Paragraaf 1.1.b Duurzame decentrale experimenten

Artikel 1i

  • 1. Bij algemene maatregel van bestuur kan, met inachtneming van bindende besluiten van de Raad van de Europese Unie, van het Europees Parlement en de Raad gezamenlijk of van de Europese Commissie, bij wege van experiment worden afgeweken van het bepaalde bij of krachtens deze wet.

  • 2. Er kan uitsluitend toepassing worden gegeven aan het eerste lid indien het experiment bijdraagt aan ontwikkelingen op het gebied van de decentrale productie, het transport en de levering van gas dat decentraal is opgewekt in een installatie die uitsluitend gebruik maakt van hernieuwbare energiebronnen.

  • 3. Bij de algemene maatregel van bestuur, bedoeld in het eerste lid, wordt bepaald:

    • a. welke afwijking of afwijkingen van deze wet zijn toegestaan,

    • b. de ten hoogste toegestane tijdsduur van die afwijking of afwijkingen en

    • c. de wijze waarop wordt vastgesteld of een afwijking aan haar doel beantwoordt, en of de tijdsduur daarvan aanpassing behoeft.

  • 4. Onze Minister zendt uiterlijk drie maanden na de beëindiging van een experiment een verslag over de doeltreffendheid en de effecten ervan, alsmede een standpunt inzake de voortzetting ervan anders dan als experiment, aan de Tweede Kamer der Staten-Generaal.

  • 5. De voordracht voor een krachtens het eerste lid vast te stellen algemene maatregel van bestuur wordt niet eerder gedaan dan vier weken nadat het ontwerp aan beide kamers der Staten-Generaal is overgelegd.

Toelichting

De voorgestelde artikelen bevatten een regeling op grond waarvan op het gebied van de Elektriciteitswet 1998 en de Gaswet bij wege van experiment kan worden afgeweken van deze wetten of de hierop gebaseerde uitvoeringsregelgeving. De afwijking dient bij te dragen aan ontwikkelingen op het gebied van het decentraal opwekken van duurzame elektriciteit of duurzaam gas.

De aanwijzing van een experiment geschiedt bij algemene maatregel van bestuur. De experimenten kunnen een breed scala aan onderwerpen uit de Elektriciteitswet 1998 of de Gaswet betreffen en zeer verstrekkend zijn. Binnen de kaders die in het artikel zijn neergelegd is niets uitgesloten.

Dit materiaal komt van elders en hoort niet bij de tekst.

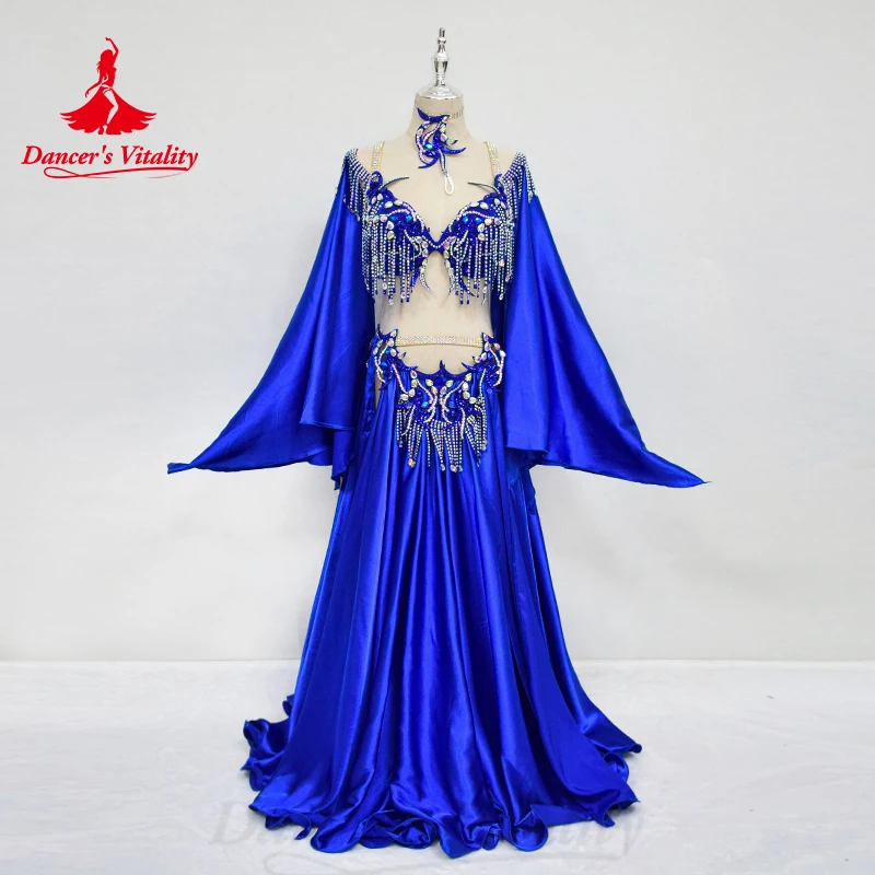 Belly Dancing Outfit Customized Luxury AB Stones Bra+high-end Satin Split Long Skirt 2pcs Oriental Professional Performance Suit

Aan het slot van het artikel is een evaluatiebepaling opgenomen. Een experiment dient op korte termijn te worden geëvalueerd. Dat is nodig om snel duidelijkheid te verkrijgen over het effect van het experiment en daarmee uitsluitsel over de vraag of het experiment – in andere vorm – moet worden voortgezet of niet. De betrokken minister dient zich daarover een oordeel te vormen en dat oordeel in de evaluatie te vermelden. Op deze manier worden experimenten kritisch gevolgd en is er een stimulans om steeds te toetsen of ze aan hun doelen beantwoorden.

Uiteindelijk kunnen experimenten er toe leiden dat duidelijk wordt dat voor bepaalde situaties een structurele wijziging van de Elektriciteitswet 1998 en de Gaswet wenselijk is. De experimenten zullen hiervoor nuttige informatie kunnen opleveren, juist omdat op basis van de voorgestelde artikelen buiten de bestaande wettelijke kaders kan worden geëxperimenteerd.